Additional information
- Announced: 1 April 1981, by Spencer W. Kimball
- Groundbreaking: 17 March 1984, by Thomas S. Monson
- Open house: 10–22 June 1985
- Designed by: John Sjostrom and Church A&E Services
- Location: Västerhaninge, Sweden
- Coordinates: 59°7′28.83360″N 18°6′33.03719″E﻿ / ﻿59.1246760000°N 18.1091769972°E
- Exterior finish: Masonry exterior with copper roof
- Design: Modern adaptation of six-spire design
- Baptistries: 1
- Ordinance rooms: 4 (stationary)
- Sealing rooms: 3
- Clothing rental: Yes

= Stockholm Sweden Temple =

Temple in Sweden operated by The Church of Jesus Christ of Latter-day Saints

The Stockholm Sweden Temple (Templet i Stockholm) is a temple of the Church of Jesus Christ of Latter-day Saints in Västerhaninge, a suburb south of Stockholm, Sweden.
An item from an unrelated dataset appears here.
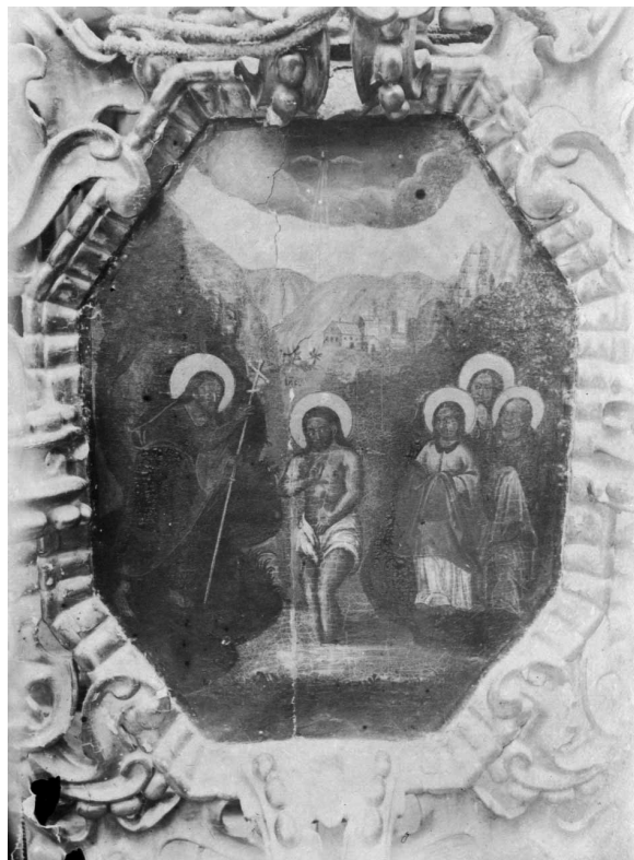
Іл. 14. Богоявлення (Хрещення). 1916 р.

ням трьох пророків». «Далі несення хреста Спасителем, поряд з нею [ікона] трьох пророків». Що було по ліву сторону Богородиці, в описі не зазначене. Тут, очевидно, треба припускати помилковий пропуск, адже неможливо уявити, щоб іконостас мав, з одного боку, «3 яруси», а з іншого, тільки два. Можна тільки здогадуватися, що й там була така сама кількість ікон з аналогічними зображеннями. З наведених останніх слів опису робимо висновок, що в цьому ряду були ще залишки старовини — ікони з зображенням пророків, але вже були нові сюжети — страсті та зображення святих, і, наскільки можливо зауважити з опису, з кожного боку було вже не по 6, а по 4 ікони й не з одноосібними зображеннями (як можна очікувати з огляду на ті обставини, що 1) іконостас був великих розмірів завширшки і заввишки, 2) місця для ікон було достатньо, 3) недостачі в коштах також не було), а з багатоосібними. Усе це разом узятє дає підстави вважати, що пророчному ярусу першому довелося стати жертвою поновлювачів. І на місці 12 окремих дощок з одиничними зображеннями пророків для здешевлення постав-

Opened in 1985, it became the church's first temple in Scandinavia, and the 34th in operation worldwide. Following years of frost-inflicted damage to the structure, the temple was closed in 2023 and subsequently demolished. As of 2024, a new temple structure is currently being constructed on the same site. Prior to its closure, the temple was serving members in Sweden, Norway, and Latvia.

Swedish architect John Sjöström collaborated with the church's architectural staff to design the original temple, which included six spires, a masonry exterior, and a copper roof, with a gold-leafed statue of the angel Moroni atop the tallest spire. 16366 sqft of space inside the temple featured four ordinance rooms, three sealing rooms, and a baptistry. The reconstructed temple is to be of similar design, although its size will be increased to approximately 31000 sqft.

The 4.47 acre wooded site also features a guesthouse for patrons, and includes a portion of the Åby Grave Field, where archaeological excavations prior to construction of the temple uncovered hundreds of Iron Age graves.

==History==
Church president Spencer W. Kimball announced construction of the temple on 1 April 1981, during a press conference at Temple Square. Following the announcement, a local committee made visits to 17 communities (all located within 30 minutes travel time by rail from Stockholm) to explore potential sites for the temple. The committee then made a recommendation of two locations to the church's First Presidency, which selected the site at Västerhaninge in Haninge Municipality, 13 mi south of Stockholm. Local residents generally welcomed the temple project, changing the name of the street on which the temple would be located to Tempelvägen ("The Temple Road") and renaming three of the city blocks as the "Temple," the "Genealogist" and the "Chapel."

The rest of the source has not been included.